Recently in a Washington Times radio interview, RNC Chairman Michael Steele was expressing his concerns regarding health care reform. He commented that the GOP’s handling of my sister Terri Schiavo is an example of what he fears, stating, “It is inserting itself into the very fabric of the decisions that you make, have to make every single day. It’ll make the Terri Schiavo case look like a walk in the park.”
I understand the point that Michael Steele was trying to make. He was using Terri as an example of what it would mean if the government was to get involved in the decisions of healthcare. However, not only was it a badly chosen comparison, but as a proclaimed pro-lifer, Mr. Steele should be ardently supportive of the actions taken by Congress—Democrats and Republicans—in their attempt to save Terri’s Life.
Perhaps Mr. Steele has fallen victim, along with so many others, to the same media spin that implies Congress was intruding on a “private” matter, rather than applauding them for stepping in to protect a disabled woman who was in the very process of being dehydrated to death.
The act by Congress granted Terri a federal and civil rights claim to be heard in federal court. In fact, these are the same rights we give to those on death row—who die far less brutal and painful deaths. If Ted Bundy or Scott Peterson had a guaranteed federal court review after their cases have been gone through the state courts, then why shouldn’t an innocent disabled woman like Terri be given that same chance?

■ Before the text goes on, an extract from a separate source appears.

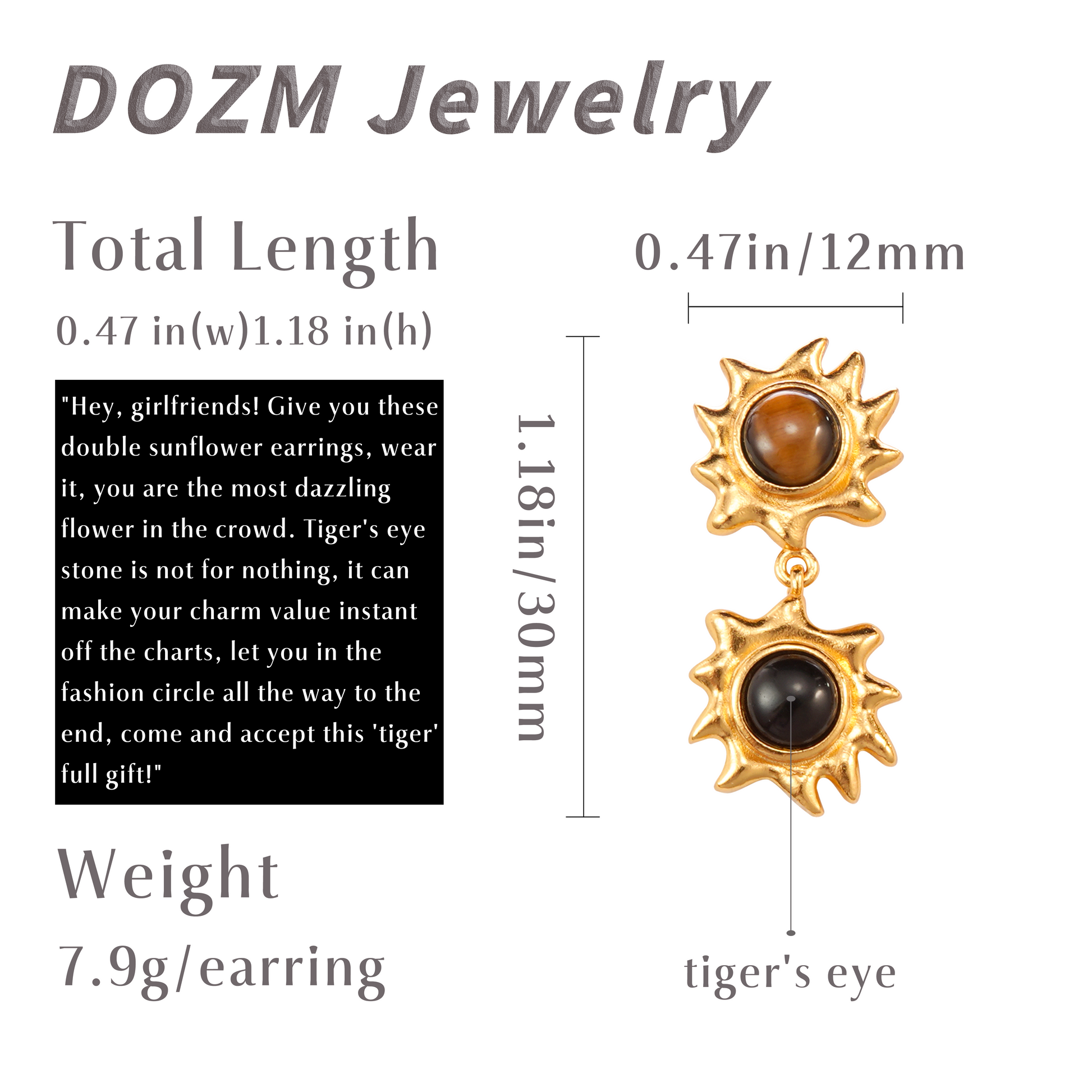 Unleash your inner radiance with DOZM's Double Sunflower Tiger's Eye Earrings—a vibrant fusion of nature-inspired design and mystical energy. Featuring captivating tiger's eye stones renowned for their grounding properties and golden shimmer, these earrings are set in a 24K gold-plated brass sunflower motif measuring 0.47" (12mm) wide and 1.18" (30mm) long. Weighing just 7.9g per earring, they offer a bold yet lightweight statement for those who dare to stand out.
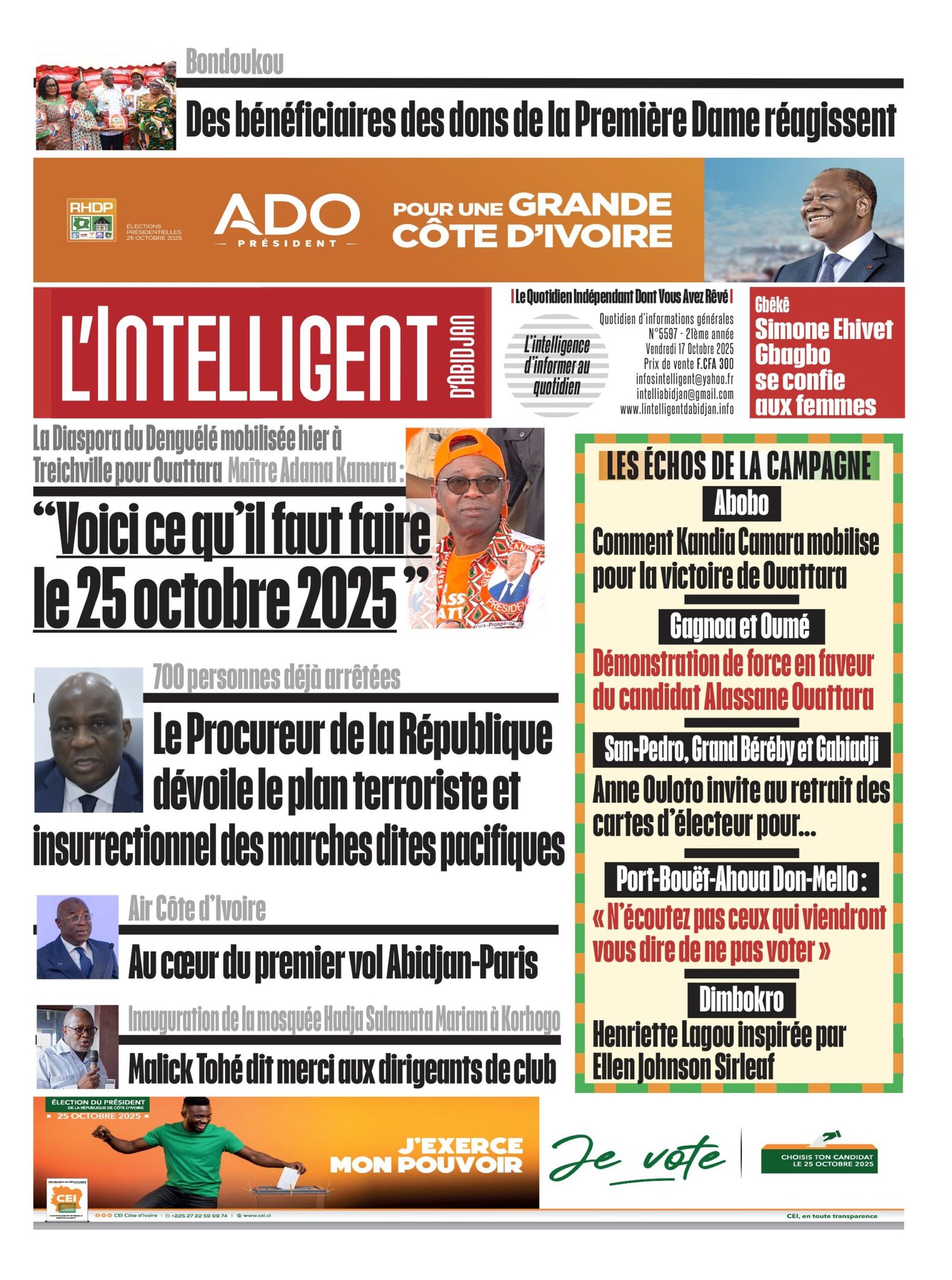 À lire aussi les échos de la campagne du Rhdp à Abobo, Gagnoa, Oumé, Grand Béréby, San-Pedro,et Gabiadji, ce que les candidats Ahoua Don Mello, Henriette Lagou et Simone Gbagbo ont fait et dit, la déclaration du procureur de la République sur les marches du Front commun, la réaction des bénéficiaires des dons de la Première Dame à Bondoukou.

That is what I find so ironic about Mr. Steele’s remarks and his concern regarding a government-controlled health care system. What happened to Terri is a perfect example of what he and Republicans are now trying to prevent from happening and what so many health care experts are warning us will happen if President Obama gets his way and establishes a system of health care rationing that would inevitable lead to countless premature deaths.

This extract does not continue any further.